- First tankōbon volume cover

透明な薄い水色に (Toumei na Usui Mizuiro ni)
- Genre: Romance; Drama; Yuri;
- Written by: Kiyoko Iwami
- Published by: Ichijinsha
- English publisher: NA: Seven Seas Entertainment;
- Magazine: Comic Yuri Hime
- Original run: October 18, 2017 – December 18, 2017
- Volumes: 1 (List of volumes)

= Transparent Light Blue =

Japanese manga series

Transparent Light Blue (透明な薄い水色に, Toumei na Usui Mizuiro ni) is a Japanese yuri manga series written and illustrated by Kiyoko Iwami. It was published in Ichijinsha's Comic Yuri Hime from October 18, 2017, to December 18, 2017, before being collected into a single tankōbon volume in 2018. It is licensed for an English-language release by Seven Seas Entertainment.

==Synopsis==
Ritsu, a high school girl who is in love with her childhood friend Ichika, has been keeping her feelings to herself. However, when her childhood friend Shun confesses his love for Ichika, their relationship turns into a love triangle.

==Publication==
Written and illustrated by Kiyoko Iwami, Transparent Light Blue was serialized in Ichijinsha's Comic Yuri Hime from October 18, 2017, to December 18, 2017. It was collected into a tankōbon volume on January 18, 2018, including two additional short stories "Apron" and "Shade".

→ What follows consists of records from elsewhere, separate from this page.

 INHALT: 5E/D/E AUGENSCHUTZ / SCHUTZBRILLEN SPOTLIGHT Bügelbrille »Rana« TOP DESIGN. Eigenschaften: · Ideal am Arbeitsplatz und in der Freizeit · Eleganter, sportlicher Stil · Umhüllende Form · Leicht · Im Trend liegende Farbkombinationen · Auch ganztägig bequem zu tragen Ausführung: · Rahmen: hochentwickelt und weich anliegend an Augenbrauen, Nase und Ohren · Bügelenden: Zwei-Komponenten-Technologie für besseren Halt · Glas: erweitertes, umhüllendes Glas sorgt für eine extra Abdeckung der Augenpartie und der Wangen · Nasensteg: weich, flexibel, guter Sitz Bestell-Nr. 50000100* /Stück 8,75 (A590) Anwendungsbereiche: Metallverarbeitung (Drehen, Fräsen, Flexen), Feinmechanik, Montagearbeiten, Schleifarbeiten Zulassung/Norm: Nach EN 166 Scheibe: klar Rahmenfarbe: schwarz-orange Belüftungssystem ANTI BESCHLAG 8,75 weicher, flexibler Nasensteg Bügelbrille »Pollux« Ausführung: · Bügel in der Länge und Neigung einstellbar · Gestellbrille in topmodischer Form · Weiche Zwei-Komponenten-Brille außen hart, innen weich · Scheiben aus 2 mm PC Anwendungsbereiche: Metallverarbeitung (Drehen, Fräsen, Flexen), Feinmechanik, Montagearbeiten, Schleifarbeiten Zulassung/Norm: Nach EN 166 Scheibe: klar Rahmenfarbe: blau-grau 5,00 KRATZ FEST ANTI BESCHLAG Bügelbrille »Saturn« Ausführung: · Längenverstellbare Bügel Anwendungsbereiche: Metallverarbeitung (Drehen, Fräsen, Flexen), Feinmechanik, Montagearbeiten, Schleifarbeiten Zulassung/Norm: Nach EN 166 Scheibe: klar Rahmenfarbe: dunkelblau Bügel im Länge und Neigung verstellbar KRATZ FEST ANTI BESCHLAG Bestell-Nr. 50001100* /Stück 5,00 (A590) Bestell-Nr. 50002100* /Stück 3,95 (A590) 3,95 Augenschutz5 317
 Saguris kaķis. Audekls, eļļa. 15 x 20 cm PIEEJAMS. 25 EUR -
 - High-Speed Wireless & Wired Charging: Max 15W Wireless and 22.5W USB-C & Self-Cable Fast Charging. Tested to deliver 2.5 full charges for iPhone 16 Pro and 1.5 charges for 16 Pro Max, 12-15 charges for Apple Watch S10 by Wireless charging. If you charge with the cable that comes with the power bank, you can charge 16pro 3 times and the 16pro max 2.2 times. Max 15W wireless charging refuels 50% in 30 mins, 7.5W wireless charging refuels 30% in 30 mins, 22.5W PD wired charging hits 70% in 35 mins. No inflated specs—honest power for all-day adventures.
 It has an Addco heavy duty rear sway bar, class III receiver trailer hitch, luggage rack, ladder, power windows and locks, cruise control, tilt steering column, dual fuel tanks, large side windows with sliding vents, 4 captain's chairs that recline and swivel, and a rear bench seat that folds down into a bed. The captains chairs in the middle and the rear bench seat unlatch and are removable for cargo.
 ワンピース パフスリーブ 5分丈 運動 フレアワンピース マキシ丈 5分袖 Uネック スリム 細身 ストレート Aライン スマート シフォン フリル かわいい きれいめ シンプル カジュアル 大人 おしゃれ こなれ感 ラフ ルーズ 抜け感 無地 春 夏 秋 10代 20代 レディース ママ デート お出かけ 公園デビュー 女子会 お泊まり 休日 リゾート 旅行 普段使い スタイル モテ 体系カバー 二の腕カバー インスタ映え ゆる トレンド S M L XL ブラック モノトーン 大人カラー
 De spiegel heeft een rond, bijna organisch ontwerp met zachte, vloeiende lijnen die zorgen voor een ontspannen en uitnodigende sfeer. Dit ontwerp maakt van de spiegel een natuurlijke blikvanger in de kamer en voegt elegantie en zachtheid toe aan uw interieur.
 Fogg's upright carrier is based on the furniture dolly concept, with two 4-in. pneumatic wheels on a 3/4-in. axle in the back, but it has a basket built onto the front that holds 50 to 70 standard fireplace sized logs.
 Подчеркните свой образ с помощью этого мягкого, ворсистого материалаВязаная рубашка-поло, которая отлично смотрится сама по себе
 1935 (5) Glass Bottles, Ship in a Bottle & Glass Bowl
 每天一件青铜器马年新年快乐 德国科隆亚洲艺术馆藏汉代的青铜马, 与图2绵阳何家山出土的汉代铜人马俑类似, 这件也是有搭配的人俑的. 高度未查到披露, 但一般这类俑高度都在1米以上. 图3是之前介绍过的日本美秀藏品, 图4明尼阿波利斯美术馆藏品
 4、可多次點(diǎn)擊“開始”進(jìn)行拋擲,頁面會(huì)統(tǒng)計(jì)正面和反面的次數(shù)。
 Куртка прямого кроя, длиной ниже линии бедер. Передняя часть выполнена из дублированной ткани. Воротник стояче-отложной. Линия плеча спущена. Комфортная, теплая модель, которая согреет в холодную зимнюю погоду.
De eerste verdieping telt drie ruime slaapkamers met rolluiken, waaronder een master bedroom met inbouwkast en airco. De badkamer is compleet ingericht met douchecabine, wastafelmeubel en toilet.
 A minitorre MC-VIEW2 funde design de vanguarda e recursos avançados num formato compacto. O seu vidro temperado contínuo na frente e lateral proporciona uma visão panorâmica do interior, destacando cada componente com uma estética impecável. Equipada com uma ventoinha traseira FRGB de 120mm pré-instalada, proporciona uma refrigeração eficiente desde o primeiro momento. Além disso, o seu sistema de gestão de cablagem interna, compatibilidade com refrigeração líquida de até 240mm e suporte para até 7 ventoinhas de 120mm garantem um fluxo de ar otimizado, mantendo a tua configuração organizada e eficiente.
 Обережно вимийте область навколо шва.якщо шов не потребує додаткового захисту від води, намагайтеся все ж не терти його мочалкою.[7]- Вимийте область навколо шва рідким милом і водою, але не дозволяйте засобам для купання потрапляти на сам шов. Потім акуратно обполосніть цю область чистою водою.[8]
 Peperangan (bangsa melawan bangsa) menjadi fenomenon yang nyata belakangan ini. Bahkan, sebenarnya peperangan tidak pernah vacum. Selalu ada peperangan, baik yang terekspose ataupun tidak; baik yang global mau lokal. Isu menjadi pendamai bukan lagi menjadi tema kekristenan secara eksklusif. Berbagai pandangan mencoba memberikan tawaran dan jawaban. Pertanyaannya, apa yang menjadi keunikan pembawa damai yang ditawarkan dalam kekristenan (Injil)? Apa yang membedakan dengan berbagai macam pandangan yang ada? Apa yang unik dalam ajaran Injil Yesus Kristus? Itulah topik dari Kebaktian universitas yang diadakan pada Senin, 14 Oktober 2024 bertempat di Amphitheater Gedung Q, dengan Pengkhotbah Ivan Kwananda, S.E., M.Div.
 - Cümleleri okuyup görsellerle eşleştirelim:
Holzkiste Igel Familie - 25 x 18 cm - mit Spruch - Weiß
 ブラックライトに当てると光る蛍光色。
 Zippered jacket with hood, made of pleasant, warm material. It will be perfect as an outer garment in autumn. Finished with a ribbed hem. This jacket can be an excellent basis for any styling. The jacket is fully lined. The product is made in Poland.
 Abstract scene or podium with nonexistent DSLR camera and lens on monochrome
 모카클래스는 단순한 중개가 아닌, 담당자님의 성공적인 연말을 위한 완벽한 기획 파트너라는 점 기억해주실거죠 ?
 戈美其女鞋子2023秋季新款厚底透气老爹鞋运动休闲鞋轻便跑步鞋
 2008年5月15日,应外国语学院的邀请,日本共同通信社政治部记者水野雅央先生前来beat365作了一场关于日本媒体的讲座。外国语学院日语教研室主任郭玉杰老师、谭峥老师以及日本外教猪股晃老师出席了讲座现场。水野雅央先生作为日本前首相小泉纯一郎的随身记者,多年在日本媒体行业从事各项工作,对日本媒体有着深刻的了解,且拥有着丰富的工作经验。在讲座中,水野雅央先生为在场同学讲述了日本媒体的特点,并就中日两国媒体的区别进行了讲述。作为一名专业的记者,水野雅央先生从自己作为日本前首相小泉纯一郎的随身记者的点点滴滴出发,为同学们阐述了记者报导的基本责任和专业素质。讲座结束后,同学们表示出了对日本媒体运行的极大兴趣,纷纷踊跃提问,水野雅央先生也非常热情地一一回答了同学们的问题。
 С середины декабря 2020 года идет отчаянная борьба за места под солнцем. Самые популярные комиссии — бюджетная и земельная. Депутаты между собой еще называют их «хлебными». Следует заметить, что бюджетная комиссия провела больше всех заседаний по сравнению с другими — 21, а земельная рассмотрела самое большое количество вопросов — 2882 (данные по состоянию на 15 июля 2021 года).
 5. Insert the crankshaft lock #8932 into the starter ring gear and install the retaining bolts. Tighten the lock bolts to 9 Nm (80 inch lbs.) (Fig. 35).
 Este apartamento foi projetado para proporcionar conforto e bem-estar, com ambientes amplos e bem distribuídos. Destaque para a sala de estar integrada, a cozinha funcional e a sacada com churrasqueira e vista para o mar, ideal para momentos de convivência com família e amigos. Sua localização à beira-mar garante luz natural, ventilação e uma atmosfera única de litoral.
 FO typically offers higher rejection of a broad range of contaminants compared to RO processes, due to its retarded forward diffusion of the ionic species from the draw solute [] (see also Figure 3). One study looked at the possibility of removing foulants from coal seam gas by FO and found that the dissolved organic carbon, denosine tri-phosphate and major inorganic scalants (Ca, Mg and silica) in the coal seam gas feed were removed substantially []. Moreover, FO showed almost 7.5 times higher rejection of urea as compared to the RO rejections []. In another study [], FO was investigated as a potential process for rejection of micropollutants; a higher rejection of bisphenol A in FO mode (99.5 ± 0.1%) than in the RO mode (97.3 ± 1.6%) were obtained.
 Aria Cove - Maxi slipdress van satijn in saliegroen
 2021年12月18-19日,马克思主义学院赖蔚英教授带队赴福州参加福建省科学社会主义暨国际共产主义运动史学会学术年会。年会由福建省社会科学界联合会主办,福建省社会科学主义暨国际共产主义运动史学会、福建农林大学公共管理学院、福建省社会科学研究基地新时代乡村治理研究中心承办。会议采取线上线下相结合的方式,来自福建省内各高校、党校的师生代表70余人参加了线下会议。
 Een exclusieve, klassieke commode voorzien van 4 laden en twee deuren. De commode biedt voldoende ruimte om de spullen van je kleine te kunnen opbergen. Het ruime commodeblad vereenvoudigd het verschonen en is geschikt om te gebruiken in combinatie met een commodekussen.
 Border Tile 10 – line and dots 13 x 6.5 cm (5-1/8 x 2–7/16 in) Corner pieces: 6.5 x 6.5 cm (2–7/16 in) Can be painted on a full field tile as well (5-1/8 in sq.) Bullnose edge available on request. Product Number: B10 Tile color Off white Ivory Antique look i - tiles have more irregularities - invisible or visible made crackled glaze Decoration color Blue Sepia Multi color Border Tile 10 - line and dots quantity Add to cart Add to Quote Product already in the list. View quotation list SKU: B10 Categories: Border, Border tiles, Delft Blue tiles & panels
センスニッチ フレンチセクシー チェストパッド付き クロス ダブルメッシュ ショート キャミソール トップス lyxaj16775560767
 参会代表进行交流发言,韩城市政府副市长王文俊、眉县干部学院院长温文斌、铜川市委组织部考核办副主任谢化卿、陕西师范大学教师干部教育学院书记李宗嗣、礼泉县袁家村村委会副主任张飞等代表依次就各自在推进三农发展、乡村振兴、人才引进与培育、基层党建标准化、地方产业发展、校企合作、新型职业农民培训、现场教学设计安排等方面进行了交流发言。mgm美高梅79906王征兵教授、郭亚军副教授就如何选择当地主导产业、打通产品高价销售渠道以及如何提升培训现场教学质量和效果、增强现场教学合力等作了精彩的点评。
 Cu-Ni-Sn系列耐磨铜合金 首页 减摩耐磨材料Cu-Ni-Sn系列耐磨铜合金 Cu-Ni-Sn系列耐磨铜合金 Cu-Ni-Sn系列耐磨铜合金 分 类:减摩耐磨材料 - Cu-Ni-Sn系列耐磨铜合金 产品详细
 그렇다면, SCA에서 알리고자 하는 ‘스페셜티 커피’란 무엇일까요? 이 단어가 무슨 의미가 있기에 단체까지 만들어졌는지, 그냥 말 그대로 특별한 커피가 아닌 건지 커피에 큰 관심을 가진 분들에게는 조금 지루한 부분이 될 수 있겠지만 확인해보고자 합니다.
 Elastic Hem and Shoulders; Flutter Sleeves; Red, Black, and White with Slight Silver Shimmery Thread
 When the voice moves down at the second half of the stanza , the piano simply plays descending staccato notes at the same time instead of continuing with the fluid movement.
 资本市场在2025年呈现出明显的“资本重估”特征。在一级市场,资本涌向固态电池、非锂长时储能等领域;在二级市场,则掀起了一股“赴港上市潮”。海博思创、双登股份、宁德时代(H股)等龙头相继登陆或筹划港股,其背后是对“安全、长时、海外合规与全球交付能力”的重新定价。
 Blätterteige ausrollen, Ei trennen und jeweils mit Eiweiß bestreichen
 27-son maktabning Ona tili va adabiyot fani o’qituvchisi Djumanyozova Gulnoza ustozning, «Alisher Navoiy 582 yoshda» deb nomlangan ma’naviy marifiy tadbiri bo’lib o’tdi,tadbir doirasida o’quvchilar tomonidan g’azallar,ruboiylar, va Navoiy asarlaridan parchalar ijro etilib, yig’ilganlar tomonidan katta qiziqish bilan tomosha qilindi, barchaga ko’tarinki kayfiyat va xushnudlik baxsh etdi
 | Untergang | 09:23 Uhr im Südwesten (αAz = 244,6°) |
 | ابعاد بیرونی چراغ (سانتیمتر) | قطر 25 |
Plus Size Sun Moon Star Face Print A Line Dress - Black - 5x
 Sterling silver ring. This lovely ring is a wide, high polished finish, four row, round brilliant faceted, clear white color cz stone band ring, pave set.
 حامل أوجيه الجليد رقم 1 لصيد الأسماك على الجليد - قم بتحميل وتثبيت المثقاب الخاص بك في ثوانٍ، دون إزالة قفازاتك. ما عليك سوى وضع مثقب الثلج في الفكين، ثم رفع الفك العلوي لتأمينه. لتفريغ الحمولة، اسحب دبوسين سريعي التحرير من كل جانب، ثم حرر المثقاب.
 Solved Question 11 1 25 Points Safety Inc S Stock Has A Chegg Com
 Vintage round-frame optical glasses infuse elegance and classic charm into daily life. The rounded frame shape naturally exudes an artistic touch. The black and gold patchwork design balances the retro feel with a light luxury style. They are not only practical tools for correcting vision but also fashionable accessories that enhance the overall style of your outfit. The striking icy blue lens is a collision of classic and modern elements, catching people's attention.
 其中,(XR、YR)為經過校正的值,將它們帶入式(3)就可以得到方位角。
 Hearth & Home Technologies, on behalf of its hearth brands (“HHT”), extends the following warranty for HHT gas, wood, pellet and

The series is licensed for an English release in North America by Seven Seas Entertainment.

| No. | Original release date | Original ISBN | English release date | English ISBN |
|---|---|---|---|---|
| 1 | January 18, 2018 | 9784758077729 | April 2, 2019 | 978-1-642750-41-6 |

==Reception==
The series has received mixed to negative reviews. In Anime News Networks "Spring 2019 Manga Guide" Rebecca Silverman gave Transparent Light Blue a 2.5 rating and Faye Hopper gave it a 2 rating. While Silverman felt the series "treads a little too close to the “nonconsensual” line for me to be fully invested", she went on to note that "if sexier yuri (without any actual sex) is what you're looking for and those issues don't bother you, Transparent Light Blue delivers while feeling less trashy than Citrus." Hopper had a similar negative review, finding that "Transparent Light Blue is a case where all the awareness and understanding of how messed-up a situation is in the world can't salvage its overall content."

Reviewing the series for Otaku USA, Jason Bradley Thompson found the pacing "iffy", feeling the series tried to do too much in too few pages, concluding that "In both the central and secondary story, original ideas clash against clunky execution and sometimes crude artwork." Erica Friedman of Yuricon was more forgiving toward the series, giving it an overall 7 out of 10 and remarking that "In 2010, Transparent Light Blue would have felt like a triumph. In 2019, it feels a little regressive, but still delivers a dose of dopamine if you like soap opera."